Loan from Our President and Chief Executive Officer
We issued a promissory note to our President and Chief Executive
Officer, David S. Tierney, M.D. for the aggregate principal
amount of $200,000 on June 23, 2004. The note bore interest
at the UBS Margin Interest Rate charged to Dr. Tierney plus
1.0% and was due and immediately payable upon our receipt of at
least $1,000,000 in other debt or subscriptions to purchase
shares of our series B or series C convertible
preferred stock. We satisfied our obligations under this note on
November 3, 2004.
Preferred Stock Issuances
In 2004, we sold 11,600,000 shares of our series C
convertible preferred stock at a price of $1.00 per share
to the following holders of more than 5% of our securities and
their affiliated entities: Sanders Morris Harris,
Inc. 4,500,000; Wheatley Partners
1,000,000; Psilos Group 4,000,000; and NJTC Venture
Fund 1,000,000. All of our shares of series C
convertible preferred stock were sold at the same price, which
was determined by our board of directors to be the fair market
value based upon arms length negotiations between us and
those purchasers and a managing director of Sanders Morris
Harris Inc., who at the time were not our stockholders. Sanders
Morris Harris Inc. acted as placement agent with respect to the
shares of series C convertible preferred stock that we sold
to SMH Valera LLC, an affiliate of Sanders Morris Harris, Inc.
for which we paid Sanders Morris Harris Inc. a fee of $280,000.

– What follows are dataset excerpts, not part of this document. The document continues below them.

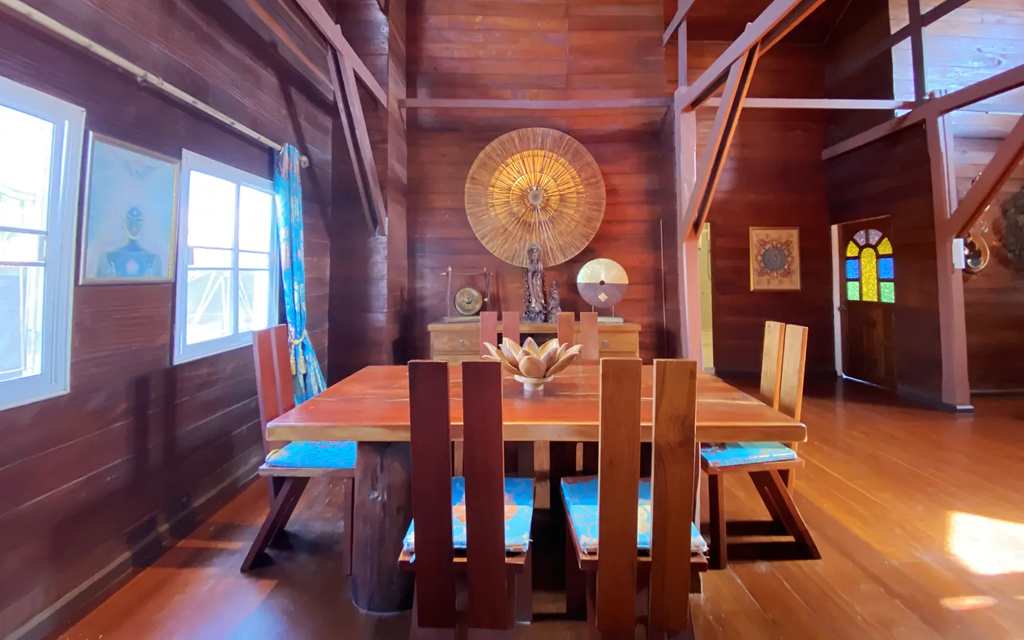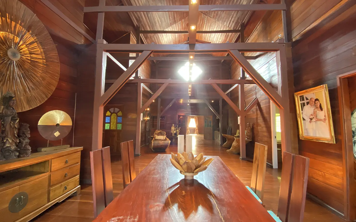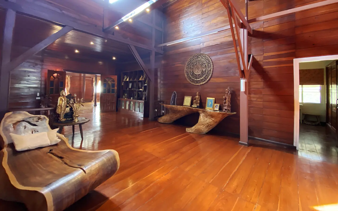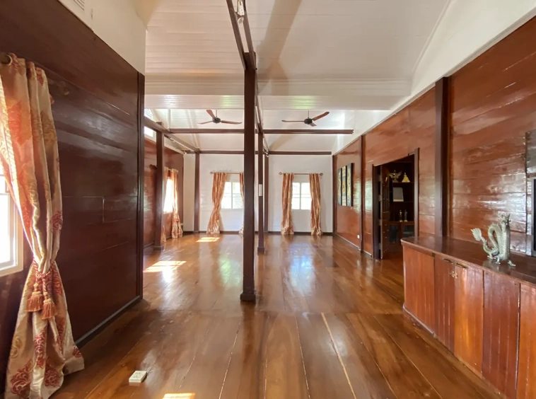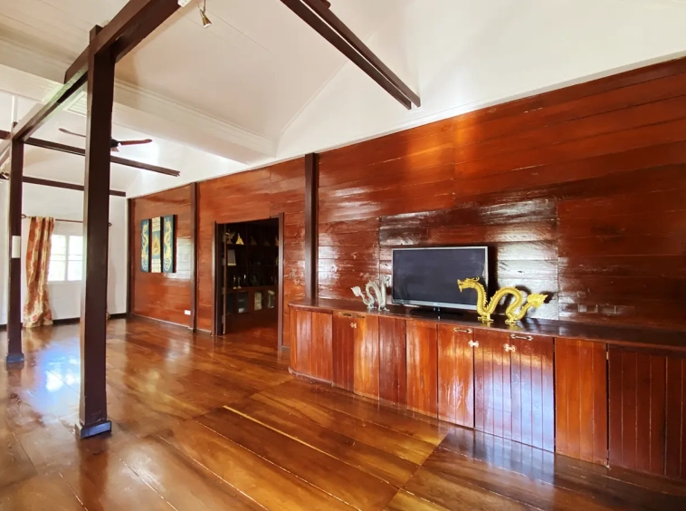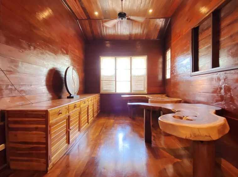 At the front of the house is a large, all-teak wood, covered sitting terrace for outdoor dining/entertaining or simply enjoying nature. Inside, the entire house features gorgeous floor-to-ceiling teak wood in a unique design that must be seen to be truly appreciated.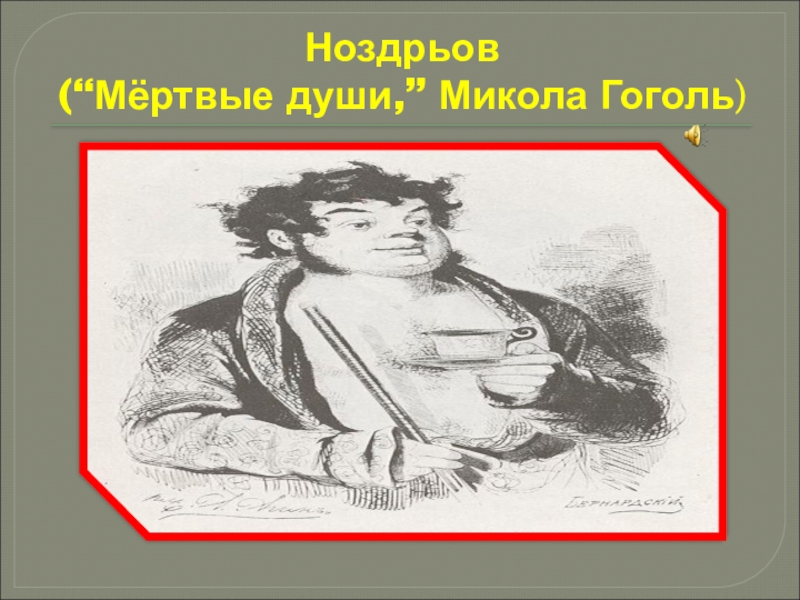 Слайд 15Ноздрьов (“Мёртвые души,” Микола Гоголь)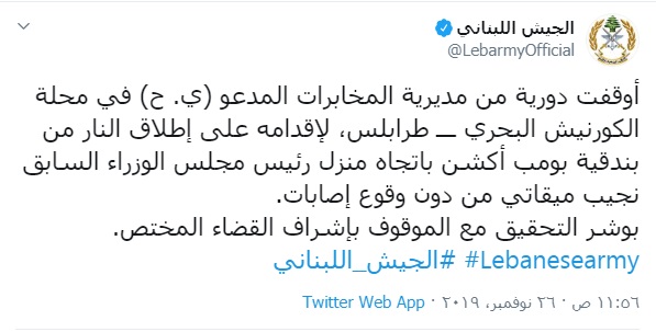 وذكر بيان للجيش اللبناني على تويتر أن دورية من مديرية المخابرات أوقفت المدعو (ي. ح) في محلة الكورنيش البحري بطرابلس، لإقدامه على إطلاق النار من بندقية “بومب أكشن” باتجاه منزل رئيس مجلس الوزراء السابق ميقاتي من دون وقوع إصابات، وبوشر التحقيق مع الموقوف بإشراف القضاء المختص.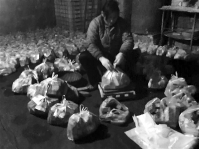 小辛庄村,一名女工用塑料袋分包熏干成品,作坊里每天生产未经卫生检查的熏干一千多斤。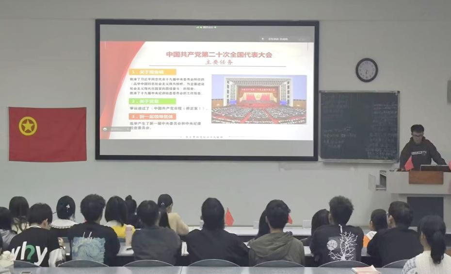 宣讲团成员白博华在商旅学院2021级电商专业4班团支部团日中,以《跳出历史周期率的第二个答案———党的自我革命》为主题,从历史周期率问题切入,向大家讲述习近平总书记在党的二十大报告中对“跳出历史周期率”所给出的第二个答案,并围绕这一命题的理论价值、关于历史周期率的第一、第二个答案——“自我革命”“自我革命”的深刻内涵、时代意义、二者辩证关系展开分享,引导同学们进一步坚定不移跟党走、青春奋进新征程。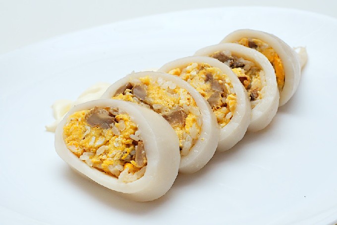 Inktvis gevuld met rijst en spek is een stevig gerecht dat kan worden gebruikt om uw dagelijkse lunchmenu te diversifiëren.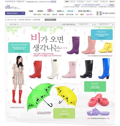 디앤샵(www.dnshop.com)에서는 '비가오면 생각나는 쇼핑아이템'기획전을 통해 우산, 레인부츠 등 장마철 필수품은 물론 장마철에 어울리는 패션 아이템도 함께 선보이고 있다.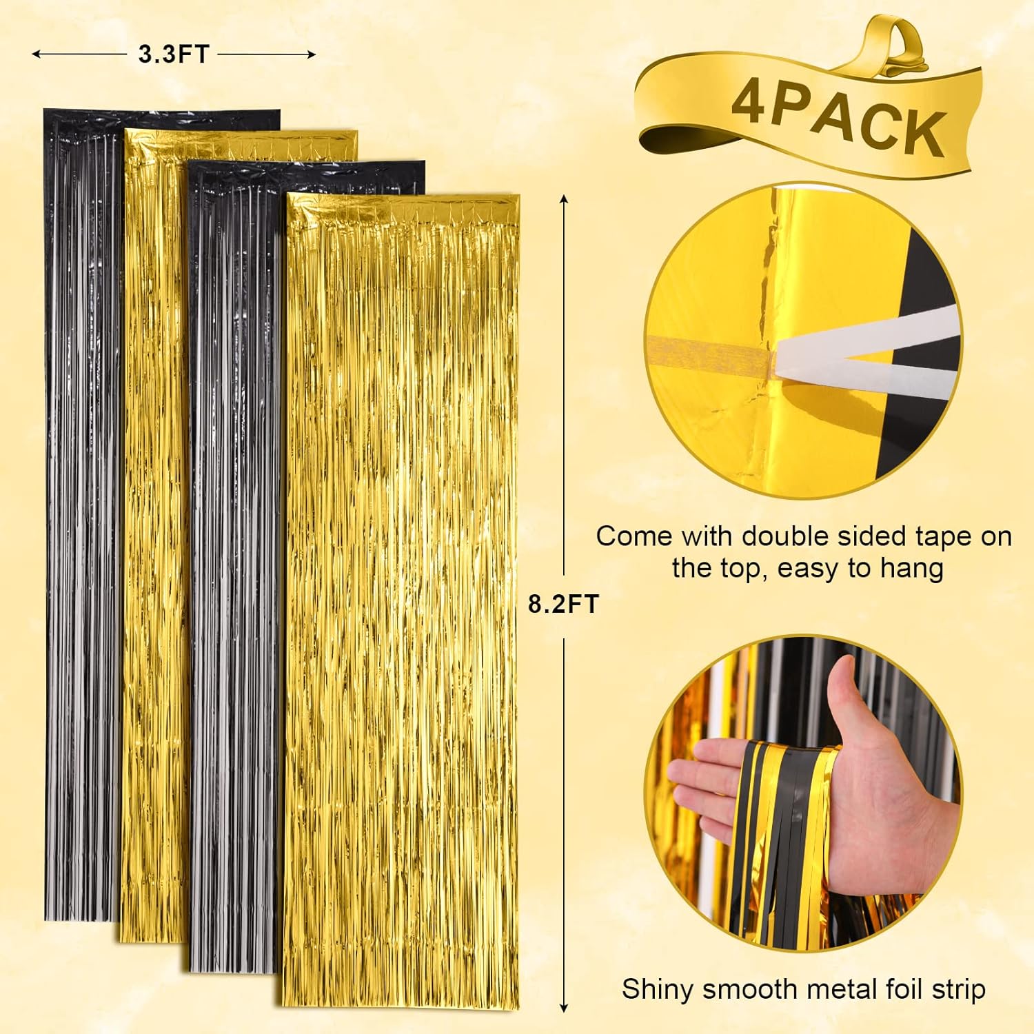 4 Pack Black and Gold Foil Fringe Backdrop Curtains, Tinsel Streamers Birthday Party Decorations, Fringe Backdrop for Graduation, Baby Shower, Gender Reveal, Disco Party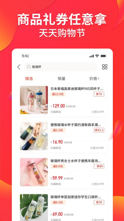 软件与多家大型电商平台合作,也有天猫淘宝,还有京东拼多多等等,里面的商品在这里都可以找到,而且还有很多非常实用的优惠券,在你购买的同时先搜索优惠券,用优惠券抵扣,为你省去不少的钱哦。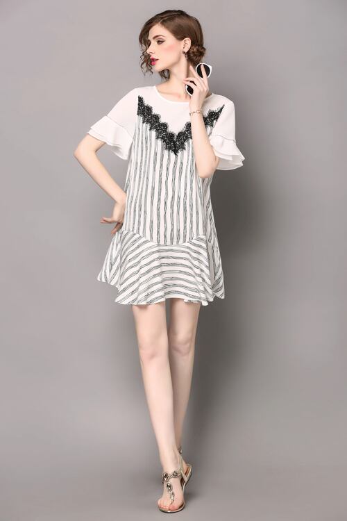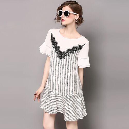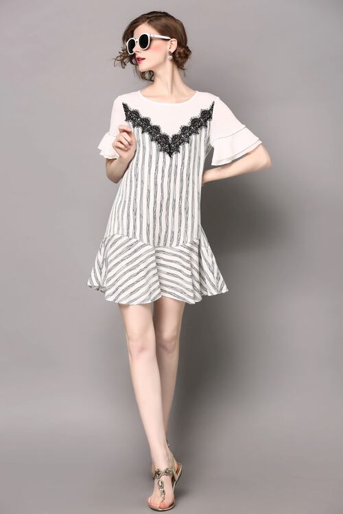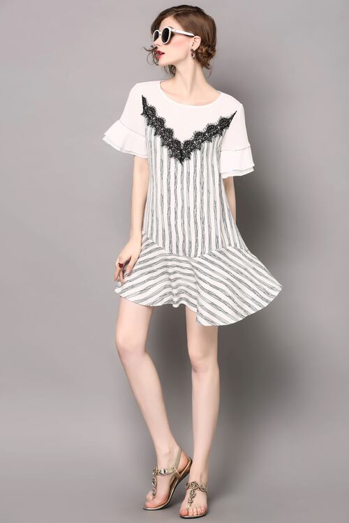 「大特価」 キュート ストライプ 切替 フリル 2色 ワンピース

James C. Gale, one of our directors and a managing director of
Sanders Morris Harris Inc., has voting and dispositive power
over all of the shares of common stock that were received upon
conversion of the series C convertible preferred stock
purchased by Sanders Morris Harris Inc; David R. Dantzker, a
director, has voting control over 591,949 shares of common
stock that were received upon conversion of the series C
convertible preferred stock purchased by Wheatley MedTech
Partners, L.P.; and Howard Silverman, a director, invested
$126,846, and David S. Tierney, M.D., our
President and Chief Executive Officer and a director, invested
$50,000 in SMH Valera LLC. All of the shares of preferred stock
described above were converted into common stock in
February 2006, when we closed our initial public offering.
Appointment of Directors
Pursuant to our second amended and restated investor rights
agreement dated August 16, 2004, or investor rights
agreements, the following persons were elected to our board of
directors: James C. Gale as representative of the Corporate
Opportunities Fund, L.P., David R. Dantzker, M.D., as
representative of Wheatley MedTech Partners L.P.,
Jeffrey M. Krauss as representative of Psilos Group
Managers, LLC, and Jerome Feldman as representative of
MXL Industries, Inc. The rights to appoint directors under
the investor rights agreement terminated upon the effective date
of the registration statement pertaining to our initial public
offering. However, pursuant to our amended and restated
certificate of incorporation, which became effective upon the
completion of our initial public offering, we have a classified
board and Messrs. Gale (Class II), Feldman
(Class I), Krauss (Class III) and Dr. Dantzker
(Class II) will each continue to serve as a director for
his respective term and until his respective successor is duly
elected and qualified. The initial terms of the directors will
expire upon election and qualification of successor directors at
the annual meeting of stockholders to be held during the years
2007 for the Class I directors, 2008 for the Class II
directors and 2009 for the Class III directors.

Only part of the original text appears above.